Task brief:
Each line below from the "Martian Manhunter este" line through the "Hubo que esperar" line, those two included, must be restated word for word; the pictures must not be.

Data supplied:
-------------------------

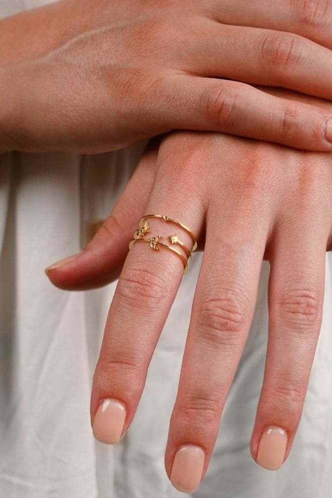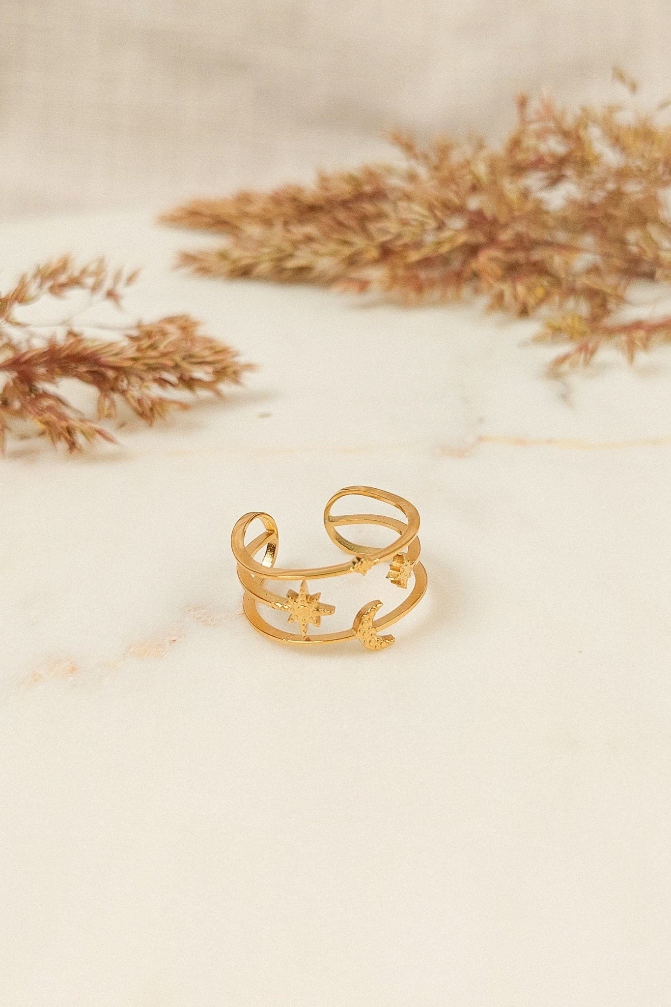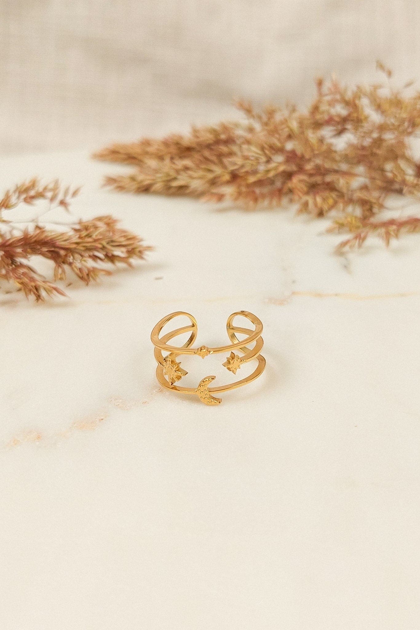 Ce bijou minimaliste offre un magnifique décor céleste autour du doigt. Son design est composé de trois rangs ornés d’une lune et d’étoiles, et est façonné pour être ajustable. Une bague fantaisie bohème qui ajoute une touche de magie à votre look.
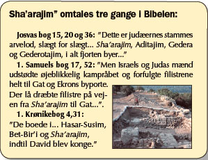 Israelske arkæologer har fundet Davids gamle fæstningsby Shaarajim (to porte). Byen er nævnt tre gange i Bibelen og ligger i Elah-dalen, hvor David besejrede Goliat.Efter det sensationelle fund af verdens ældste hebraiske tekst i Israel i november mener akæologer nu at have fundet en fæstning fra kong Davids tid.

-------------------------

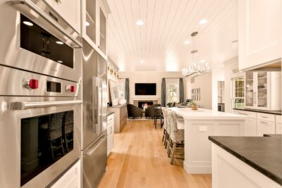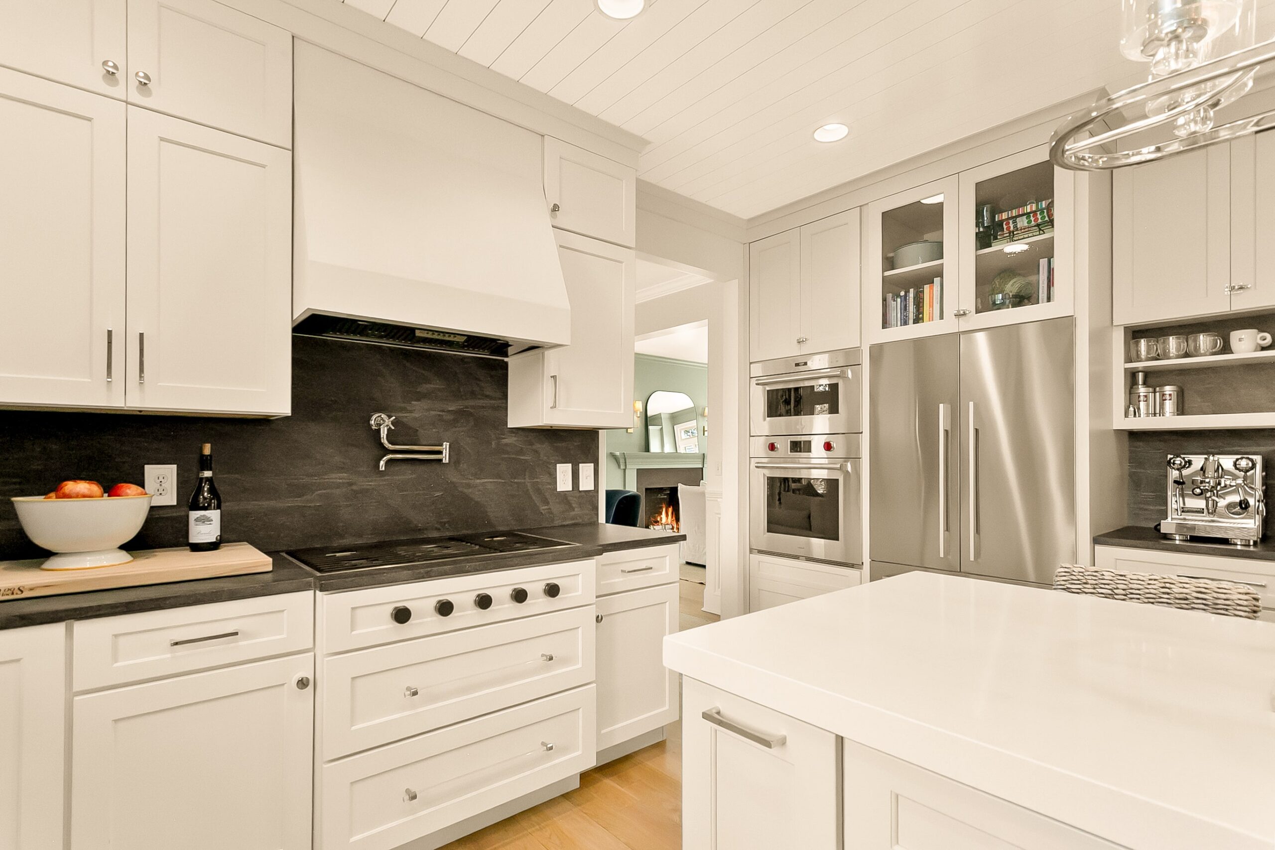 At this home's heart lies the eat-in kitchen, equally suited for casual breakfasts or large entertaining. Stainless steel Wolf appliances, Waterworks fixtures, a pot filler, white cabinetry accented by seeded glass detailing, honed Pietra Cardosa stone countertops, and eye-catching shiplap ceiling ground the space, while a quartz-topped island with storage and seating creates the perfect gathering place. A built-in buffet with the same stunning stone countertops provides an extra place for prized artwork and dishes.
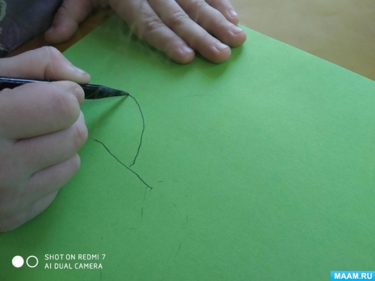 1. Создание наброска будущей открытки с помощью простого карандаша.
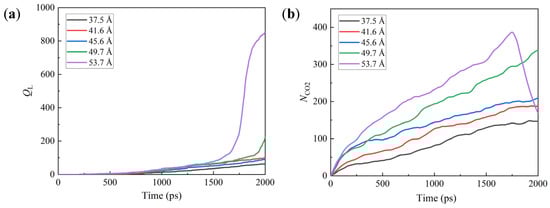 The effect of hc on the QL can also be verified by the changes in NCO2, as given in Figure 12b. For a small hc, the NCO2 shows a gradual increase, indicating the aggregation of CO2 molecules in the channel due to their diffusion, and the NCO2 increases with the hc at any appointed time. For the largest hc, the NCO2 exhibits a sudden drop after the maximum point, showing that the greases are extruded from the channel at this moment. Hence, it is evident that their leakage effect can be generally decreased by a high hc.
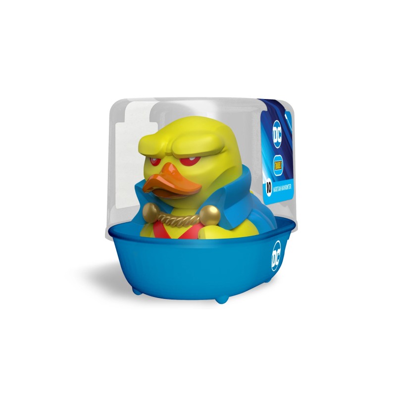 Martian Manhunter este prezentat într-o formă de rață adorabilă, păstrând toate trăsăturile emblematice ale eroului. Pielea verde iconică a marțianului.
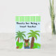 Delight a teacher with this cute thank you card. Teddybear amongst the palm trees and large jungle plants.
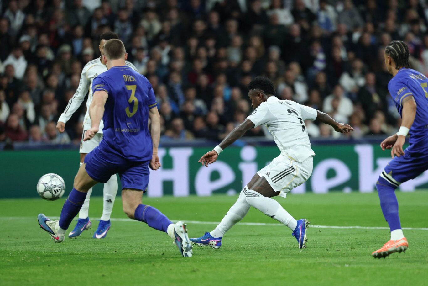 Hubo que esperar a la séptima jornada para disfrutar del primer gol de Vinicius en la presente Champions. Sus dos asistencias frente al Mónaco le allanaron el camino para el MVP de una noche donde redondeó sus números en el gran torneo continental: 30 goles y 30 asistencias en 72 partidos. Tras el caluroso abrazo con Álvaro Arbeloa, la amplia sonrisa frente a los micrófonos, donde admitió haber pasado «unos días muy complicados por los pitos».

-------------------------

Answer box:
 Martian Manhunter este prezentat într-o formă de rață adorabilă, păstrând toate trăsăturile emblematice ale eroului. Pielea verde iconică a marțianului.
 Delight a teacher with this cute thank you card. Teddybear amongst the palm trees and large jungle plants.
 Hubo que esperar a la séptima jornada para disfrutar del primer gol de Vinicius en la presente Champions. Sus dos asistencias frente al Mónaco le allanaron el camino para el MVP de una noche donde redondeó sus números en el gran torneo continental: 30 goles y 30 asistencias en 72 partidos. Tras el caluroso abrazo con Álvaro Arbeloa, la amplia sonrisa frente a los micrófonos, donde admitió haber pasado «unos días muy complicados por los pitos».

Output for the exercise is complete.